Notifications You must be signed in to change notification settings

clay-good/origin

Folders and files

NameName
Last commit message
Last commit date

Latest commit

 

History

2 Commits
 
 
 
 
 
 
 
 
 
 
 
 
 
 
 
 

Repository files navigation

Origin

Runtime data provenance for AI pipelines.

Origin is a lightweight library that tracks data as it flows through machine learning training pipelines, generating cryptographic fingerprints and maintaining license metadata for compliance and auditability.

The Problem

Modern AI models are trained on massive datasets aggregated from diverse sources. This creates significant challenges:

  • Compliance requirements: Regulations like the EU AI Act mandate transparency about training data
  • License conflicts: Datasets may contain data under incompatible licenses (e.g., mixing GPL and proprietary content)
  • Audit trails: Organizations need to demonstrate what data was used to train specific models
  • Reproducibility: Without provenance records, reproducing training runs is unreliable

Studies have found that popular ML datasets frequently contain mislabeled or miscategorized license information, exposing model creators to legal and compliance risks.

The Solution

Origin provides a zero-dependency observation layer that:

  • Records provenance automatically without modifying your training pipeline
  • Generates cryptographic fingerprints for individual samples and batches
  • Tracks license metadata from data sources through to model training
  • Detects potential conflicts between incompatible licenses
  • Exports audit-ready reports in standard formats

Unlike experiment tracking tools, Origin focuses exclusively on data lineage. It observes and records, never transforms.

Quick Start

pip install origin-provenance
from origin.storage.database import ProvenanceDatabase
from origin.hooks.pytorch import DataLoaderHook

# Initialize database
db = ProvenanceDatabase("./provenance.db")
session = db.begin_session(config_hash="experiment_v1")

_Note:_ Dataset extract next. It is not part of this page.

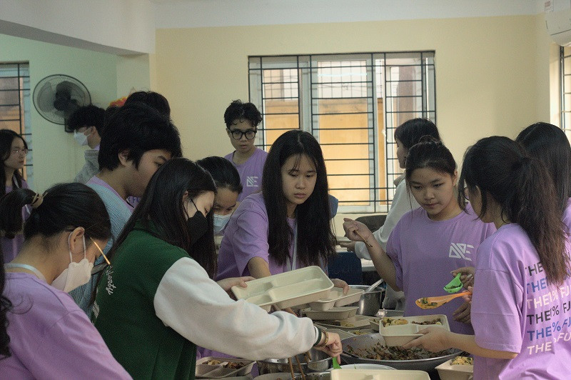 Các bạn teen đã cùng nhau có mặt từ sáng sớm để nấu nướng, chuẩn bị những suất cơm để gửi đến những người lao động, người vô gia cư.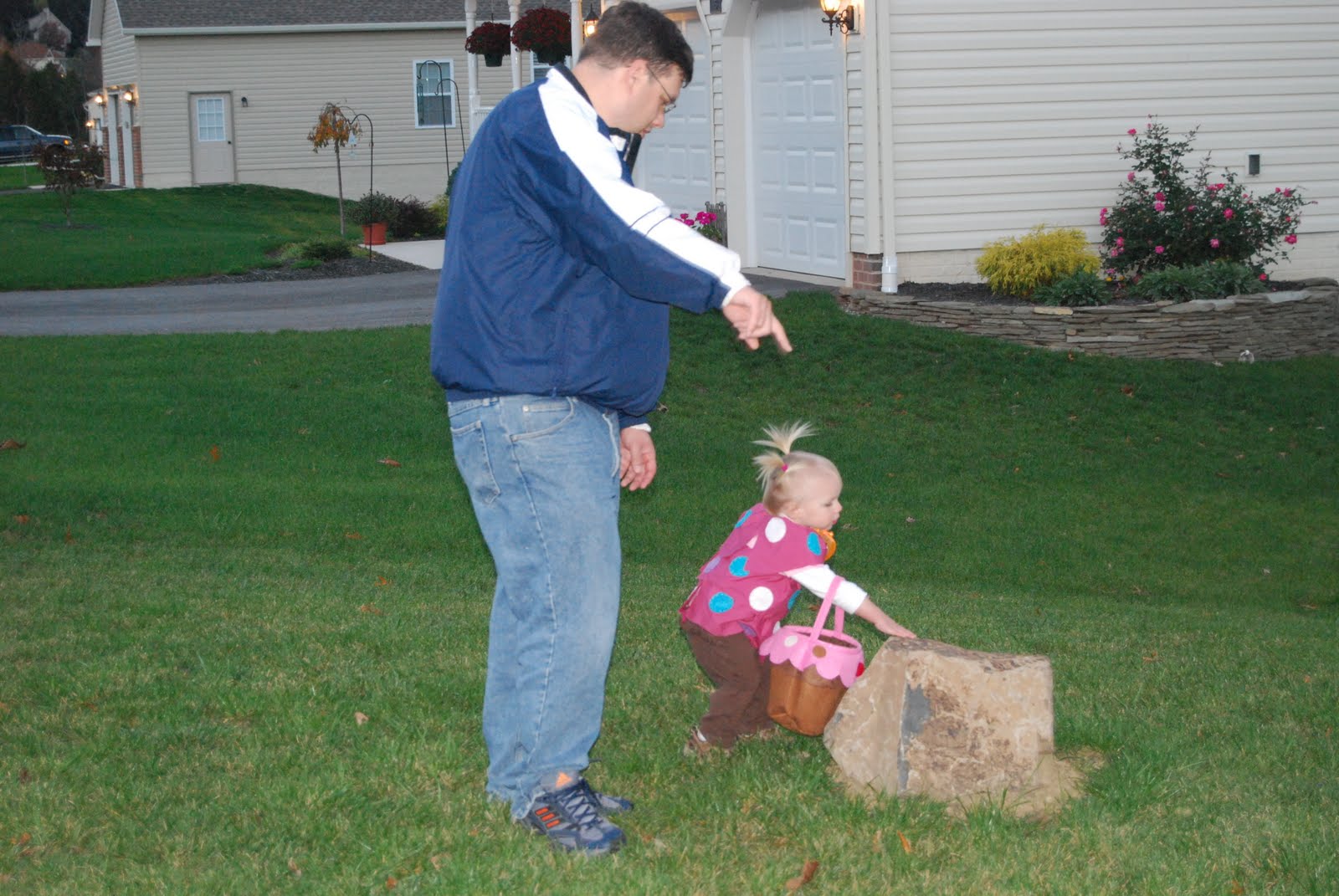 At the second house Kaitlyn hadn't yet gotten the concept of trick-or-treating and figured why not play with the big rock (don't worry, she figured it out.... "trich tree")

# Create hook for your DataLoader
hook = DataLoaderHook(
    db=db,
    session_id=session.session_id,
    source_id="training_data",
    license_id="MIT"
)

# Wrap your training loop - data flows through unchanged
for batch in hook.wrap(dataloader):
    loss = train_step(batch)  # batch is not modified

# End session
db.end_session(session.session_id, status="completed")

How It Works

Origin operates as a passive observation layer alongside your data pipeline:

┌─────────────┐    ┌────────────────────┐    ┌──────────────┐
│ Data Source │───▶│ Origin Hook        │───▶│ Training     │
│             │    │ (observe only)     │    │ Loop         │
└─────────────┘    └────────────────────┘    └──────────────┘
                          │
                          ▼
                   ┌────────────────────┐
                   │ Provenance DB      │
                   │ - Fingerprints     │
                   │ - Licenses         │
                   │ - Batch records    │
                   └────────────────────┘

Fingerprinting: Each data sample is hashed using SHA-256. Batches are aggregated using Merkle trees, enabling efficient verification and tamper detection.

Storage: All provenance data is stored in a local SQLite database. No network connectivity required. No data leaves your system.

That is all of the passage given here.